▶ [Dataset extract]:
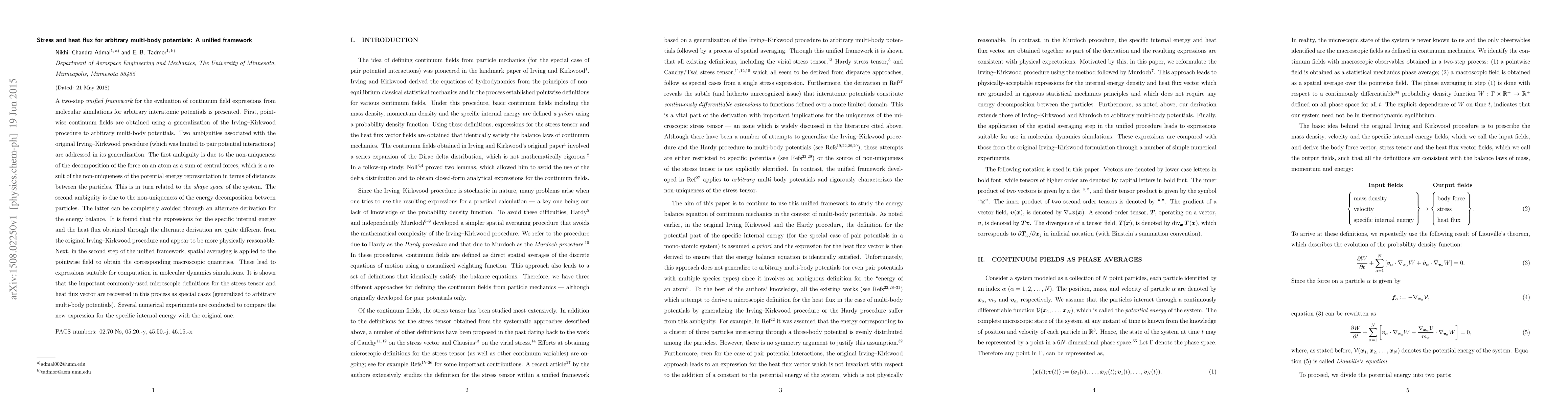 A two-step unified framework for the evaluation of continuum field expressions from molecular simulations for arbitrary interatomic potentials is presented. First, pointwise continuum fields are obtained using a generalization of the Irving-Kirkwood procedure to arbitrary multi-body potentials. Two ambiguities associated with the original Irving-Kirkwood procedure (which was limited to pair potential interactions) are addressed in its generalization. The first ambiguity is due to the non-uniqueness of the decomposition of the force on an atom as a sum of central forces, which is a result of the non-uniqueness of the potential energy representation in terms of distances between the particles. This is in turn related to the shape space of the system. The second ambiguity is due to the non-uniqueness of the energy decomposition between particles. The latter can be completely avoided through an alternate derivation for the energy balance. It is found that the expressions for the specific internal energy and the heat flux obtained through the alternate derivation are quite different from the original Irving-Kirkwood procedure and appear to be more physically reasonable. Next, in the second step of the unified framework, spatial averaging is applied to the pointwise field to obtain the corresponding macroscopic quantities. These lead to expressions suitable for computation in molecular dynamics simulations. It is shown that the important commonly-used microscopic definitions for the stress tensor and heat flux vector are recovered in this process as special cases (generalized to arbitrary multi-body potentials). Several numerical experiments are conducted to compare the new expression for the specific internal energy with the original one.
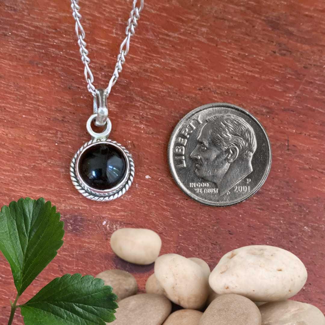 Add subtle elegance with our Petite Round Black Onyx Sterling Silver Pendant. Featuring a small, polished black onyx gemstone set in sleek sterling silver, this minimalist pendant is perfect for everyday wear or layering with other favorite pieces.
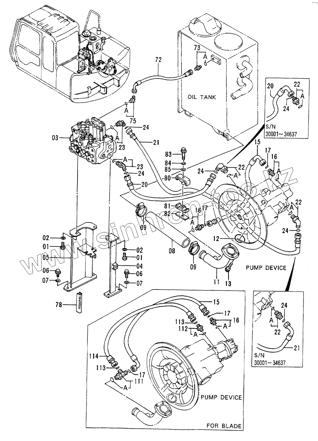 Каталог запасных частей к технике: Hitachi EX-60-2. Oil Cooler Pipings (1)
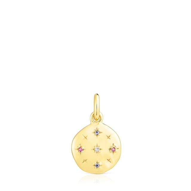 Small silver vermeil Magic Nature disc Pendant with gemstones

▶ [Problem details]: Everything from the line holding "Каталог запасных частей" through the last line of the listing should be written out exactly, except for the pictures.

▶ [Finished exercise]:
 Каталог запасных частей к технике: Hitachi EX-60-2. Oil Cooler Pipings (1)
 Small silver vermeil Magic Nature disc Pendant with gemstones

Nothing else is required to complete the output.